Submitted to: Journal of the American Oil Chemists' Society
Publication Type: Peer Reviewed Journal
Publication Acceptance Date: May 20, 2003
Publication Date: September 20, 2003
Citation: Piazza, G.J., Nunez, A., Foglia, T.A. 2003. Hydrolysis of mono- and diepoxyoctadecanoates by alumina. Journal of the American Oil Chemists' Society. 80(9):901-904.

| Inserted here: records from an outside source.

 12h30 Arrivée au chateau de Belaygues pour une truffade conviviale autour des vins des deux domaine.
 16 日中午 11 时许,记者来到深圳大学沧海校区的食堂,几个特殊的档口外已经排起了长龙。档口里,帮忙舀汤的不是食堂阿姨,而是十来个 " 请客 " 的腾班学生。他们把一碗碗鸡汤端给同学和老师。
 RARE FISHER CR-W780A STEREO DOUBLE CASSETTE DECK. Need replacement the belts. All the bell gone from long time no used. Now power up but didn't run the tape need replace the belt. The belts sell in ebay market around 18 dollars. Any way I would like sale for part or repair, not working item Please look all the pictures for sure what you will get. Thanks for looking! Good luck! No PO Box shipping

Interpretive Summary: Conversion of fats and oils and their derivatives to polyhydroxy materials may be desirable, as these materials are suitable for several industrial applications such as metal working lubricants, waxes, and urethanes. The present procedure for making these polyhydroxy materials uses osmium tetroxide and unsaturated fats or oils. Osmium tetroxide, however, is expensive and highly toxic, so that its use has been limited to small-scale preparations. An alternative route for the synthesis of these polyhydroxy materials is through the hydrolysis of epoxides made from fats and oils. Heretofore, however, this method has required an acid catalyst or an expensive enzymatic catalyst. We investigated epoxide hydrolysis using a commercial preparation of neutral alumina, and we found that alumina readily hydrolyzes fatty methyl ester epoxides to give dihydroxy products. Alumina is superior to an acid catalyst because it is easily removed from the product. Also, for industrial use, alumina is preferred because it is safe, low in cost, and has a long shelf life. This research will aid in the development of a cost-effective procedure for preparing polyhydroxy fatty materials from renewable agricultural materials.

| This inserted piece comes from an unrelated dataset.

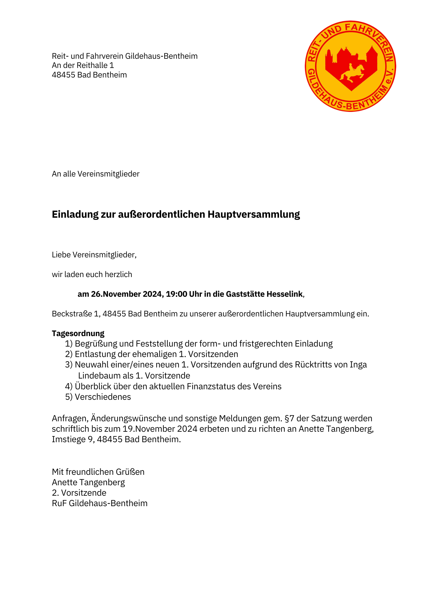 wir laden euch herzlich am 26.November 2024, 19:00 Uhr in die Gaststätte Hesselink, Beckstraße 1, 48455 Bad Bentheim zu unserer außerordentlichen Hauptversammlung aufgrund des Rücktritts von Inga Lindebaum als 1. Vorsitzende ein. Tagesordnung 1) Begrüßung und Feststellung der form- und fristgerechten Einladung 2) Entlastung der ehemaligen 1. Vorsitzenden 3) Neuwahl einer/eines neuen 1. Vorsitzenden 4) Überblick über den aktuellen Finanzstatus des Vereins 5) Verschiedenes Anfragen, Änderungswünsche und sonstige Meldungen gem. §7 der Satzung werden schriftlich bis zum 19.November 2024 erbeten und zu richten an Anette Tangenberg, Imstiege 9, 48455 Bad Bentheim.

Technical Abstract: The main advantage of heterogeneous catalysis is that the catalyst can be easily separated from the reaction products and reused. There is, therefore, a continuing interest in the preparation of heterogenized catalysts, homogeneous catalysts that have been placed upon an insoluble support. One area of interest is the placement of transition metal complexes onto alumina (aluminum oxide) supports to promote oxidation, particularly epoxide formation. In the subsequent oxidation reactions, it is generally assumed that the alumina acts as an inert support. However, there is reason to be skeptical of this, since prior work has shown that alumina catalyzes nucleophilic addition of alcohols and amines to epoxides. In this study it is shown that the epoxide derivative of oleic acid, methyl 9,10-epoxyoctadecanoate (methyl stearate monoepoxide), is readily hydrolyzed to a diol when exposed to a commercial preparation of neutral alumina. Comparison of proton and carbon 13 NMR spectra of the diol with those of standards showed that the product was the threo isomer. Time course studies showed that the epoxide was converted to diol in 4 h. When methyl 9,10-12,13-diepoxy octadecanoate (methyl stearate diepoxide) was treated with alumina, a mixture of dihydroxytetrahydrofuran regioisomers, methyl 9(12)-oxy-10,13-dihydroxystearate and methyl 10(13)-oxy-9,12-dihydroxystearate, was obtained from the hydrolyzed epoxide. These results show that untreated alumina is an unsuitable support for epoxidation catalysts. However, conversion of fats and oils and their derivatives to polyhydroxy materials may be desirable, as these materials are suitable for several industrial applications. Accordingly, an alumina-based epoxidation may be the most efficient way to achieve the synthesis of these polyhydroxy materials.